Mega2VCF | R Documentation |
Generate a VCF file from the specified Mega2 SQLite database. The file is named "prefix".vcf If the markers argument is.null(), the entire envir$markers set is used, otherwise markers argument MUST be rows of the markers (envir$markers) data frame. In addition, several other files are generated to hold additional database information: "prefix".fam, "prefix".freq, "prefix".map, "prefix".phe, and "prefix".pen, which contain the pedigree, allele frequency, marker genetic and physical map position, member phenotype and phenotype penetrance data.
Mega2VCF(
prefix,
markers = NULL,
mapno = 0,
alleleOrder = "default",
envir = ENV
)
prefix |
prefix of output files including the VCF file (see Description section above). This prefix can include a path. |
markers |
markers selected to be in the VCF output file |
mapno |
specify which map index to use for genetic distances. The function |
alleleOrder |
how to order alleles in VCF file. 'default' is Mega2order, 'minor' is minor allele freq first, 'major' is major allele freq first, and 'name' is ascending ascii character order of allele name. |
envir |
'environment' containing SQLite database and other globals |
None
This code in this package illustrates how to extract the various kinds of data in the Mega2 data frames to use for further processing. Some of the data internal representations are a bit quirky but the code "explains" it all.
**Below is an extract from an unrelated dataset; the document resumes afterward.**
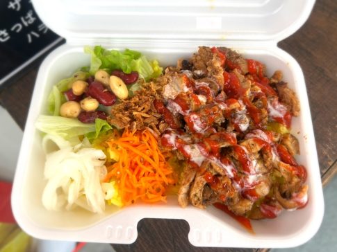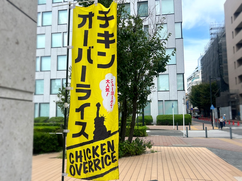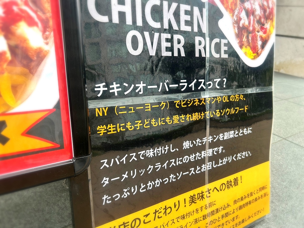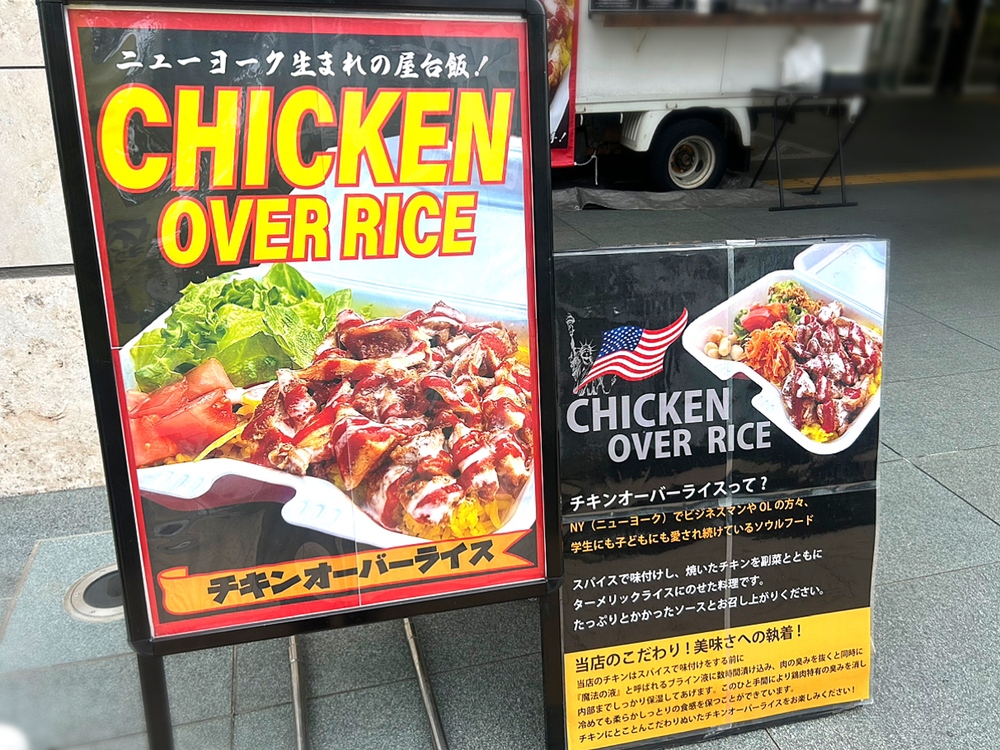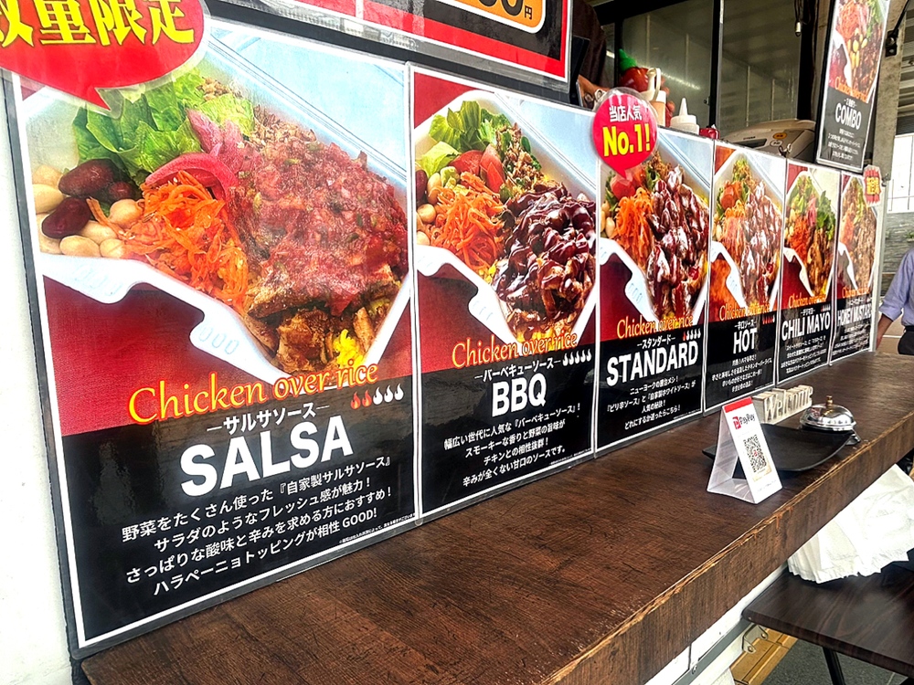 曜日やシーズンでラインナップが変わるようで、この日はいろいろなソースが選べる、チキンオーバーライスの日でした。

db = system.file("exdata", "seqsimm.db", package="Mega2R")
ENV = read.Mega2DB(db)
vcfdir = file.path(where_mega2rtutorial_data(), "vcfr")
if (!dir.exists(vcfdir)) dir.create(vcfdir)
vcffile = file.path(where_mega2rtutorial_data(), "vcfr", "vcf.01")
Mega2VCF(vcffile, ENV$markers[ENV$markers$chromosome == 1, ][1:10,], envir = ENV)
list.files(vcfdir)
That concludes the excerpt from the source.